At 3: 12 p. m. ET, the British Maritime Safety Organisation (UKMTO) said it received a third-party report of a maritime incident 10 nautical miles north of Jubail city in Saudi Arabia. UKMTO said the report is being investigated.

The alert landed minutes after Iran’s Islamic Revolutionary Guards Corps (IRGC) claimed it had targeted a Marshall Islands-flagged oil tanker in the Gulf. posted on Sepah News, the IRGC said: “An oil tanker with the trade name ‘Louise P’ with the flag of the Marshall Islands, one of the assets of the terrorist America, was hit by a drone in the middle of the Persian Gulf. ”

The claim and the UKMTO notice place renewed focus on shipping risk in the Gulf as the war grinds on, even while details of the incident are still under review by maritime authorities.

Immediate reactions: Erdogan presses for dialogue; Lebanon condemns UNIFIL shelling

Turkiye’s President Recep Tayyip Erdogan told UK Prime Minister Keir Starmer in a phone call on March 7, 2026 (ET) that more could be done to create conditions for dialogue on Iran, issued by the Turkish presidency. Erdogan said Turkiye’s diplomatic efforts were continuing and that Ankara was closely monitoring developments following attacks on Iran. He also warned that prolonged interventions could cause serious harm to regional and global stability.

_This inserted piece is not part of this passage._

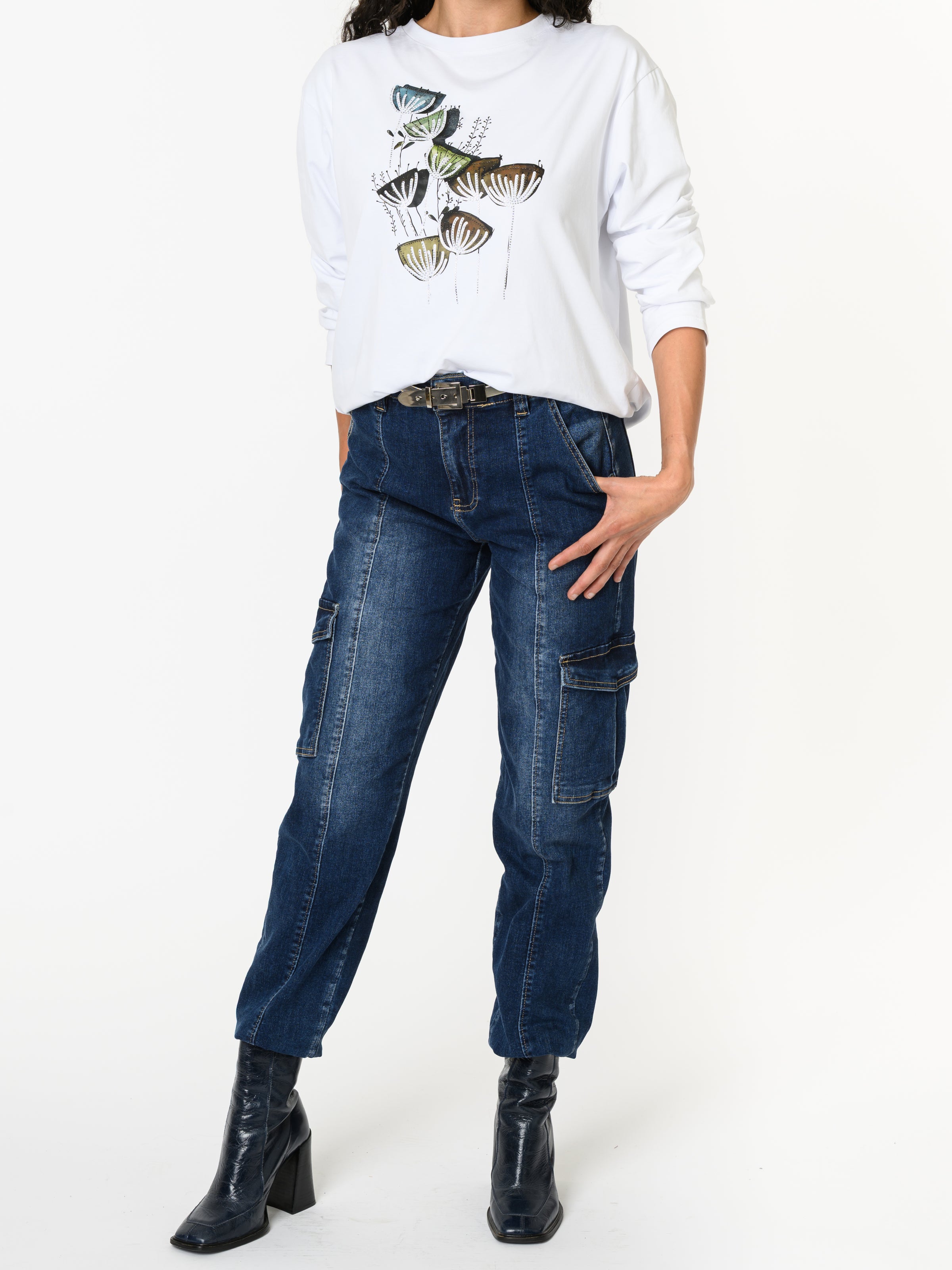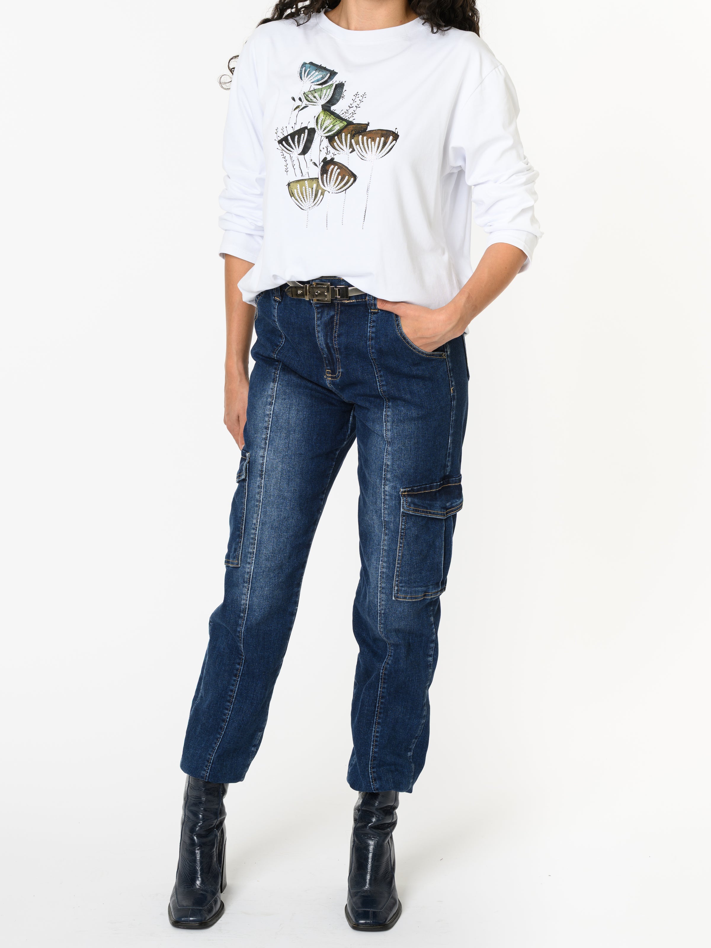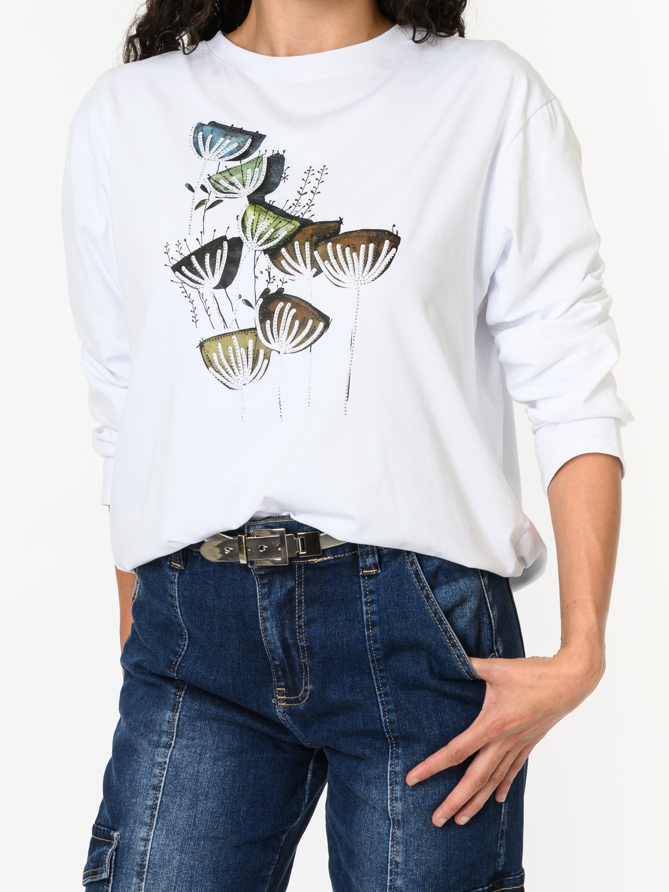 NEW - Chandail blanc à manche longue avec imprimé floral

Separately, Lebanon’s Ministry of Foreign Affairs condemned the shelling of a UN peacekeeping position in southern Lebanon. The ministry said the headquarters of the Ghanaian battalion serving with the United Nations Interim Force in Lebanon (UNIFIL) in the town of Qouzah was shelled overnight, injuring three peacekeepers. One of the injured was described as critical, and all were transferred to a hospital in Beirut for treatment. The ministry said the circumstances remain under investigation by UNIFIL, while calling the shelling a serious violation of international law.

Quick context

The US-Israeli war against Iran is now in its second week, and public messaging from Washington has been described as chaotic and contradictory. Against that backdrop, Iran has apologised to neighbours for strikes but continues to reject iran surrender in direct terms.

What’s next

Next developments hinge on three tracks: whether Trump moves from warnings to expanded strikes; what UKMTO’s investigation determines about the incident near Jubail; and what UNIFIL concludes about the shelling in Qouzah. For now, the standoff remains acute, and the core political signal from Tehran remains unchanged: iran surrender is not being offered as the war rolls deeper into its second week.